Unfortunately for Rosanie, as the three months deadline is approaching, she realizes that she forgot Ricdin-Ricdon’s name, and unable to find it back, she becomes anxious and glum. Meanwhile, Penséemorne is so furious at seeing her previous plans fail she decides to unite the magic and the mundane: she gathers three of her lovers who are without riches or titles, and she tells each of them “If you kill the prince, I will marry you and give you my titles/my wealth. Just go into the woods to murder him when he strays away during one of his hunts, and here take this enchanted sword, a gift of my best pal the wicked sorceress, that will make sure that you will harm him without being harmed yourself.” As the prince, surely enough he does end up wandering away from his next hunting game - but this time he comes by the ruins of an abandoned castle, and sees a purple light coming from inside. Peering by a window, he notices a gathering of demons, ugly humanoids wearing strange clothes, and their leader is a scary, dark-skinned, gaunt and ferocious man who jumps everywhere with a great agility. The leader of the demons talk to a woman, who is a witch, and the prince overhears their conversation. He learns that this demon is the one that took on the identity of Labouréelamboy the wizard and failed to get the prince, due to him being protected by celestial spirits - but the demon adds that he has another identity he uses to catch the souls of young girls, and he will soon get a new victim. This other identity’s name is Ricdin-Ricdon. And the demon has a set of lines where he moralizes - this is one of Lheritier’s personal criticism towards society - as the demon says that the reason girls are so easy to get for a demon is men: if the girls weren’t so desperate to look good and have pleasant appearances for men, then they wouldn’t fall so easily for the demon’s traps.
The prince leaves the ruined castle, only to get attacked by the three murderers - however the magic of the swords fail against the prince’s Ring of Truth, and while he does get slightly wounded, he kills two of the would-be murderers, while the third one flees. The prince then returns to the castle with his mother (his father is out in his countryside house) and tells them the wild adventures he lived.

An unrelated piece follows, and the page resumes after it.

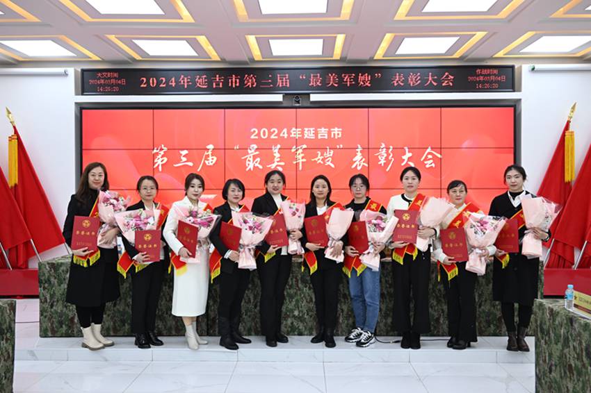 3月4日,在第114個“3·8”國際婦女節即將來臨之際,延吉市舉行2024年第三屆“最美軍嫂”表彰會。市委常委、市人武部陳希勇、州退役軍人事務局機關黨委專職副書記劉玉國、市婦聯主席車玉花、市退役軍人事務局局長王晶,市雙擁工作領導小組部分成員單位、各鎮(街)退役軍人服務站、駐延部隊、軍屬代表等70余人參會。

In fact, the narration cuts to follow what happens with the king at his countryside house - because he receives the visit of queen Riante-image, yes, the idow of king Planjoli. She tells the king (king Prud’homme if you recall his name) her whole story, the one told earlier, but with additional info. We learn that, while the queen was pregnant when imprisoned, the wicked king Songecreux planned to kill the child if it was a boy, but imprison the child if it was a daughter so she could marry her own son. Hopefully, the queen Riante-image had a faithful servant and helper, a knight called Longuevue (Far-sight, because he was full of prudence and planning), who disguised himself to enter the queen’s prison. We also learn that, unlike what everybody thinks, Riante-image’s daughter did not die at birth - the truth is that there was a baby switch. There is a very disturbing scene in this flashback where we discover that Longuevue had a dead baby (yes, the corpse of a dead baby) brought from a village nearby to the queen, by hiding it inside a pâté (yes, the one you eat), so that she could pretend her newborn baby was dead - while the actual, alive and well daughter baby, was carried away from the prison... in the coffin prepared for the dead baby. It is a really weird and disturbing moment.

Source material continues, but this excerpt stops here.